WORK REQUIRED | Print what the records say exactly, and omit the pictures.

EXTRACTED INFORMATION |

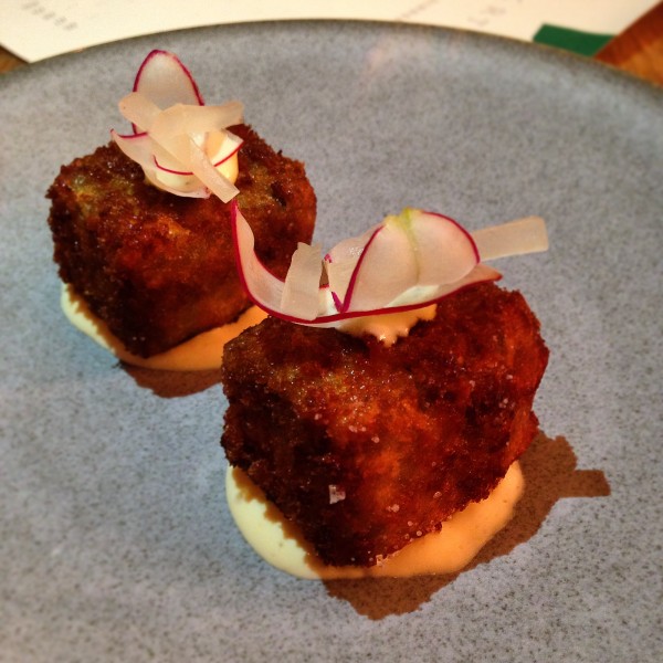 Chef Merlin Labron-Johnson previously worked in a Michelin-starred restaurant in Belgium before joining the kitchen at Portland. His inventive recipes use unusual ingredients and they are slickly executed. We were sat brilliantly close to the open kitchen, nearby to the vintage jars of home pickled vegetables. We started with the delightful Pig’s head croquettes balanced on a dollop of kimchi mayonnaise. Rich and moist meat with a salty crunchy breadcrumbed exterior and a luxurious dip, it was the perfect combination.
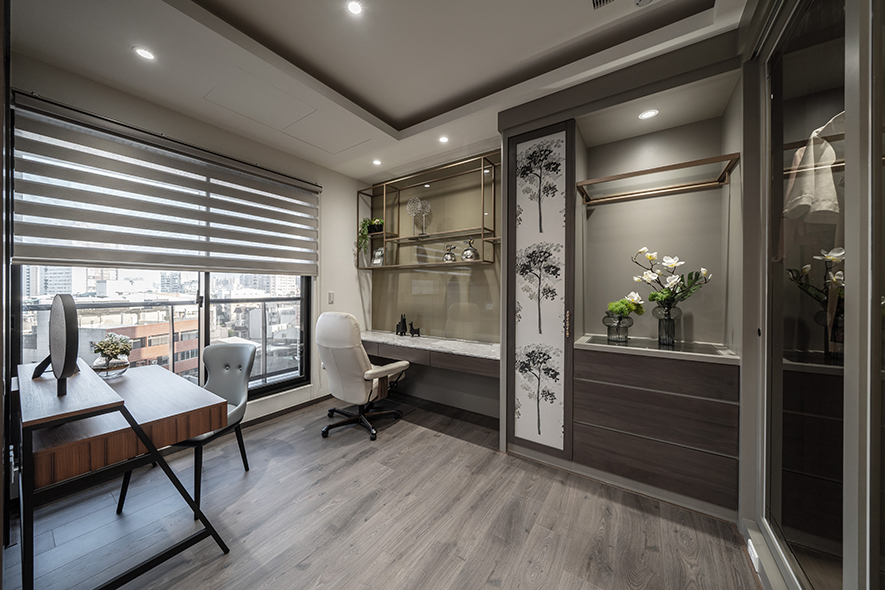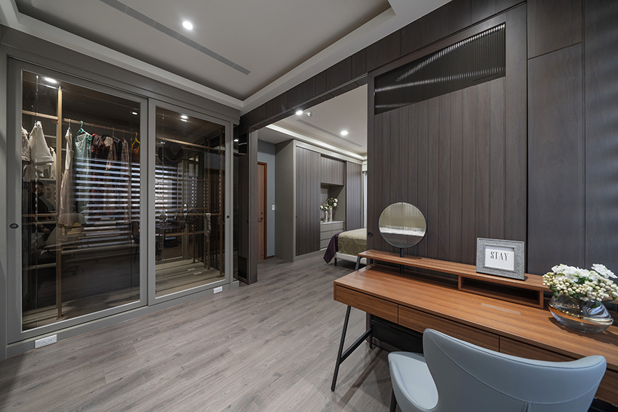 詠絮室內設計 回應屋主明確區分公、私領域的需求,重劃室內格局,打通主臥與鄰近房間,規劃為更衣間兼工作室,並於玄關及餐廳側邊設置眾多櫃體,輔以清玻櫃門,兼顧收納及展示效果,實現典雅美觀的機能家宅。
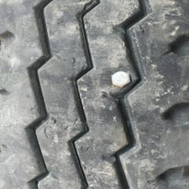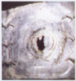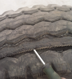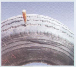 轮胎行驶过程中,胎冠被钉子、铁块等尖锐物体刺扎,并刺透带束层和胎体钢丝。
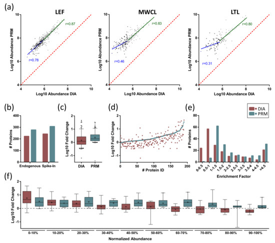 Figure 7. Comparison of DIA and PRM analysis of lysosomal proteins. (a) Correlation of normalized peptide signal intensities for DIA and PRM runs. Proteins are sorted based on their intensity in DIA measurements and grouped into two groups based on their intensity (upper/lower 50% of proteins). For each population, a linear regression analysis was performed and the respective correlation coefficient (r) is indicated. (b) Identification of proteins in LTL with and without spike-in of LEFs. (c,d) Fold change values for individual lysosomal proteins in LTL with spike-in of LEFs. (e) Frequency of proteins within distinct fold change quantiles for DIA and PRM data for ratios of LTL with/without spike-in of LEFs. (f) Protein fold change values for LTL with/without spike-in of LEFs. Proteins are grouped based on their abundance in the respective dataset relative to the highest/lowest-abundant protein. LEF: lysosome-enriched fractions from mouse embryonic fibroblasts; MWCL: mouse embryonic fibroblast whole cell lysates; LTL: whole liver tissue lysate.
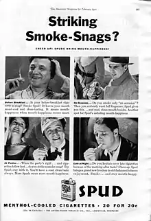 Menthol cigarettes were first developed by Lloyd "Spud" Hughes of Mingo Junction, Ohio, in 1924,[1] though the idea did not become popular until the Axton-Fisher Tobacco Co. acquired the patent in 1927, marketing them nationwide as "Spud Menthol Cooled Cigarettes". Spud brand menthol cigarettes went on to become the fifth most popular brand in the US by 1932,[2] and it remained the only menthol cigarette on the market until the Brown & Williamson Tobacco Company created the Kool brand in 1933.
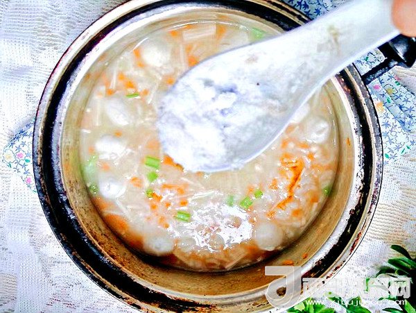 6.熬好后下入肉丸

RESPONSE |
 Chef Merlin Labron-Johnson previously worked in a Michelin-starred restaurant in Belgium before joining the kitchen at Portland. His inventive recipes use unusual ingredients and they are slickly executed. We were sat brilliantly close to the open kitchen, nearby to the vintage jars of home pickled vegetables. We started with the delightful Pig’s head croquettes balanced on a dollop of kimchi mayonnaise. Rich and moist meat with a salty crunchy breadcrumbed exterior and a luxurious dip, it was the perfect combination.
 詠絮室內設計 回應屋主明確區分公、私領域的需求,重劃室內格局,打通主臥與鄰近房間,規劃為更衣間兼工作室,並於玄關及餐廳側邊設置眾多櫃體,輔以清玻櫃門,兼顧收納及展示效果,實現典雅美觀的機能家宅。
 轮胎行驶过程中,胎冠被钉子、铁块等尖锐物体刺扎,并刺透带束层和胎体钢丝。
 Figure 7. Comparison of DIA and PRM analysis of lysosomal proteins. (a) Correlation of normalized peptide signal intensities for DIA and PRM runs. Proteins are sorted based on their intensity in DIA measurements and grouped into two groups based on their intensity (upper/lower 50% of proteins). For each population, a linear regression analysis was performed and the respective correlation coefficient (r) is indicated. (b) Identification of proteins in LTL with and without spike-in of LEFs. (c,d) Fold change values for individual lysosomal proteins in LTL with spike-in of LEFs. (e) Frequency of proteins within distinct fold change quantiles for DIA and PRM data for ratios of LTL with/without spike-in of LEFs. (f) Protein fold change values for LTL with/without spike-in of LEFs. Proteins are grouped based on their abundance in the respective dataset relative to the highest/lowest-abundant protein. LEF: lysosome-enriched fractions from mouse embryonic fibroblasts; MWCL: mouse embryonic fibroblast whole cell lysates; LTL: whole liver tissue lysate.
 Menthol cigarettes were first developed by Lloyd "Spud" Hughes of Mingo Junction, Ohio, in 1924,[1] though the idea did not become popular until the Axton-Fisher Tobacco Co. acquired the patent in 1927, marketing them nationwide as "Spud Menthol Cooled Cigarettes". Spud brand menthol cigarettes went on to become the fifth most popular brand in the US by 1932,[2] and it remained the only menthol cigarette on the market until the Brown & Williamson Tobacco Company created the Kool brand in 1933.
 6.熬好后下入肉丸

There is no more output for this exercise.